• [Problem] Only the pictures are to be omitted; everything else in the listing must be reproduced exactly.

• [Dataset]
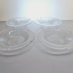 4 st pressglasfat med frostad reliefdekor – vintage i Art Deco-stil (Ø 18 cm)
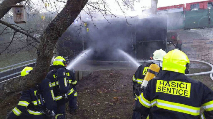 BRNO-VENKOV – V pátek po půl čtvrté odpoledne vyjížděly tři jednotky hasičů k požáru plechové garáže do obce Sentice na Tišnovsku. Požár vznikl od čtyřkolky, která byla zaparkována uvnitř garáže.
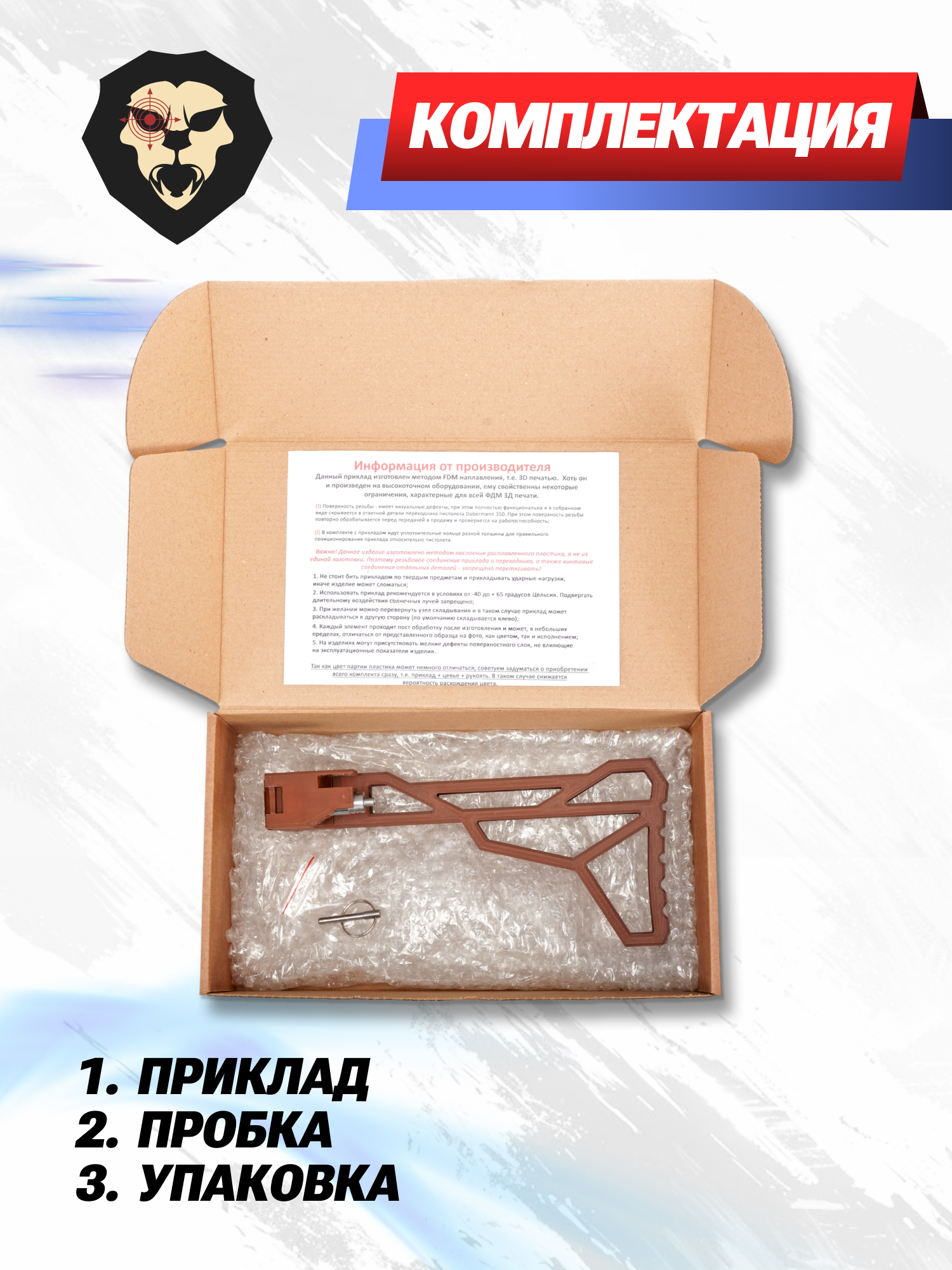 В комплектации с прикладом входят два дополнительных элемента - альтернативная пробка для поджима пружины ударника и специальный «солдатик» для крепления. Для монтажа потребуется инструмент, который не входит в набор поставки - его выбор остается на усмотрение пользователя.
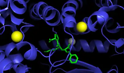 ECA este o metaloenzimă pe bază de zinc[12]. Ionul de zinc este esențial pentru activitatea sa, deoarece participă direct în cataliza hidrolizei peptidelor. Prin urmare, ECA poate fi inhibată de agenți de chelare a metalelor[13].
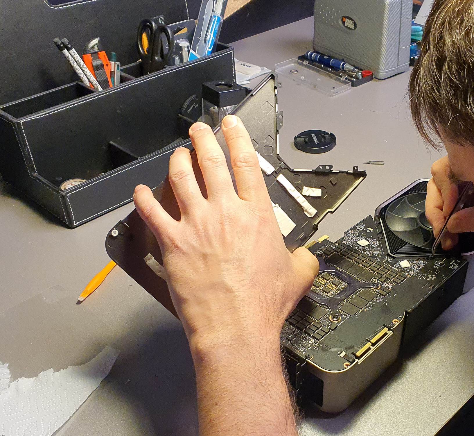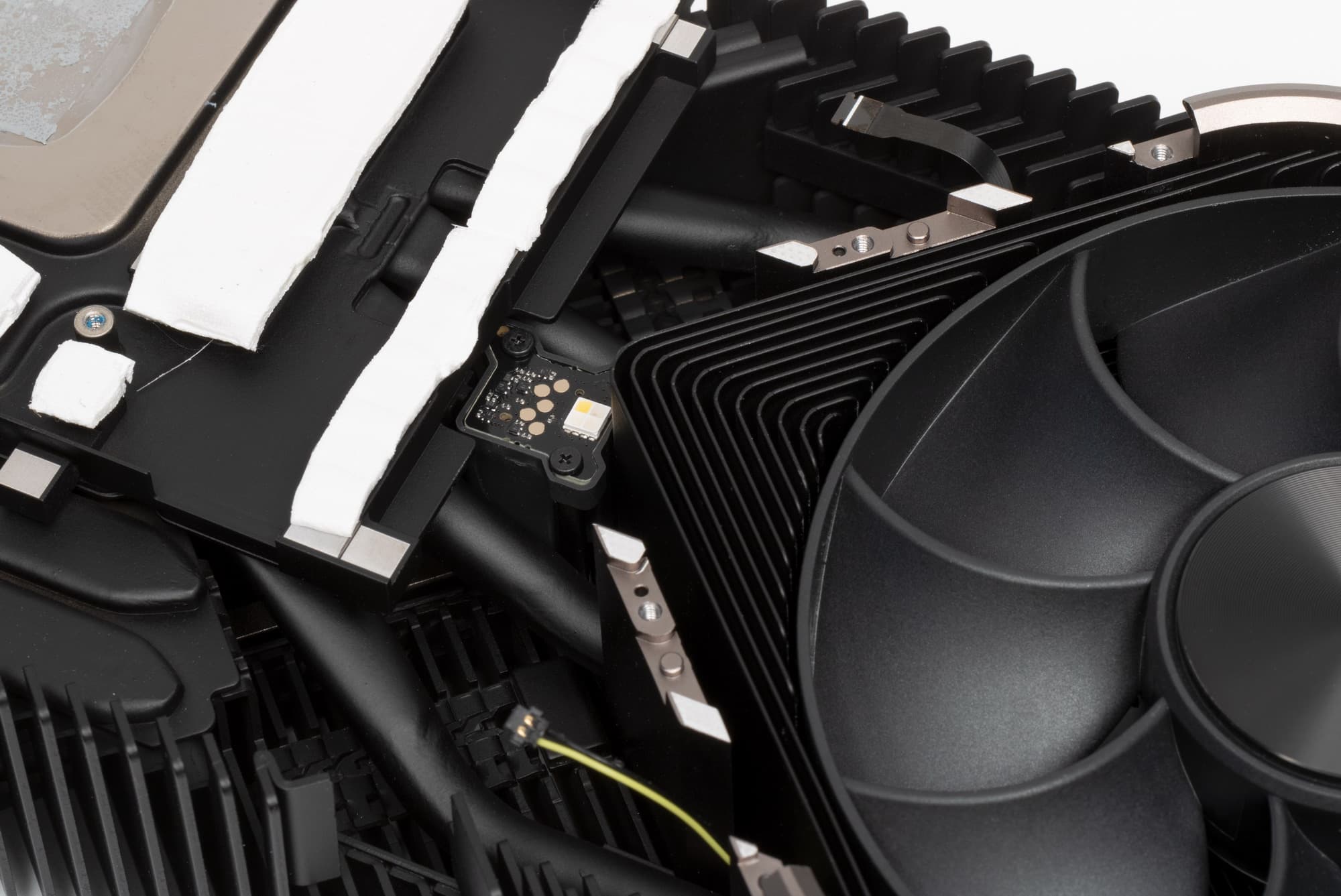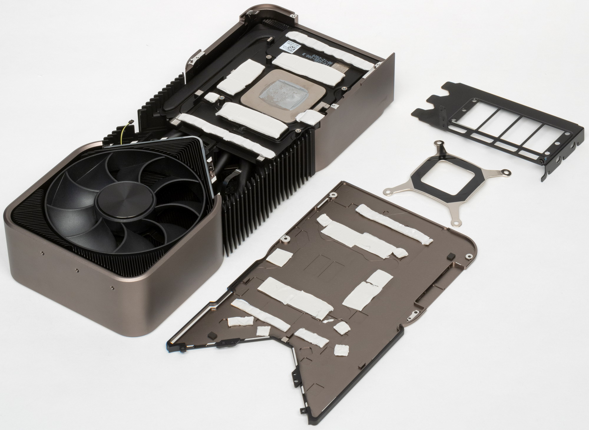 Подобное решение заставило инженеров менять всю конструкцию. Если обычные печатные платы проходят во всю длину видеокарт, то в случае продувного вентилятора пришлось разработать короткую печатную плату, с уменьшенным слотом NVLink, новыми разъемами питания (переходник на два обычных 8-контактных PCI-E прилагается). При этом, разместить на карте большое количество фаз для питания и микросхем памяти, было очень непросто. Но эти изменения дали возможность большого выреза для вентилятора на печатной плате, чтобы потоку воздуха ничего не мешало.

• [Answer to the problem]
 4 st pressglasfat med frostad reliefdekor – vintage i Art Deco-stil (Ø 18 cm)
 BRNO-VENKOV – V pátek po půl čtvrté odpoledne vyjížděly tři jednotky hasičů k požáru plechové garáže do obce Sentice na Tišnovsku. Požár vznikl od čtyřkolky, která byla zaparkována uvnitř garáže.
 В комплектации с прикладом входят два дополнительных элемента - альтернативная пробка для поджима пружины ударника и специальный «солдатик» для крепления. Для монтажа потребуется инструмент, который не входит в набор поставки - его выбор остается на усмотрение пользователя.
 ECA este o metaloenzimă pe bază de zinc[12]. Ionul de zinc este esențial pentru activitatea sa, deoarece participă direct în cataliza hidrolizei peptidelor. Prin urmare, ECA poate fi inhibată de agenți de chelare a metalelor[13].
 Подобное решение заставило инженеров менять всю конструкцию. Если обычные печатные платы проходят во всю длину видеокарт, то в случае продувного вентилятора пришлось разработать короткую печатную плату, с уменьшенным слотом NVLink, новыми разъемами питания (переходник на два обычных 8-контактных PCI-E прилагается). При этом, разместить на карте большое количество фаз для питания и микросхем памяти, было очень непросто. Но эти изменения дали возможность большого выреза для вентилятора на печатной плате, чтобы потоку воздуха ничего не мешало.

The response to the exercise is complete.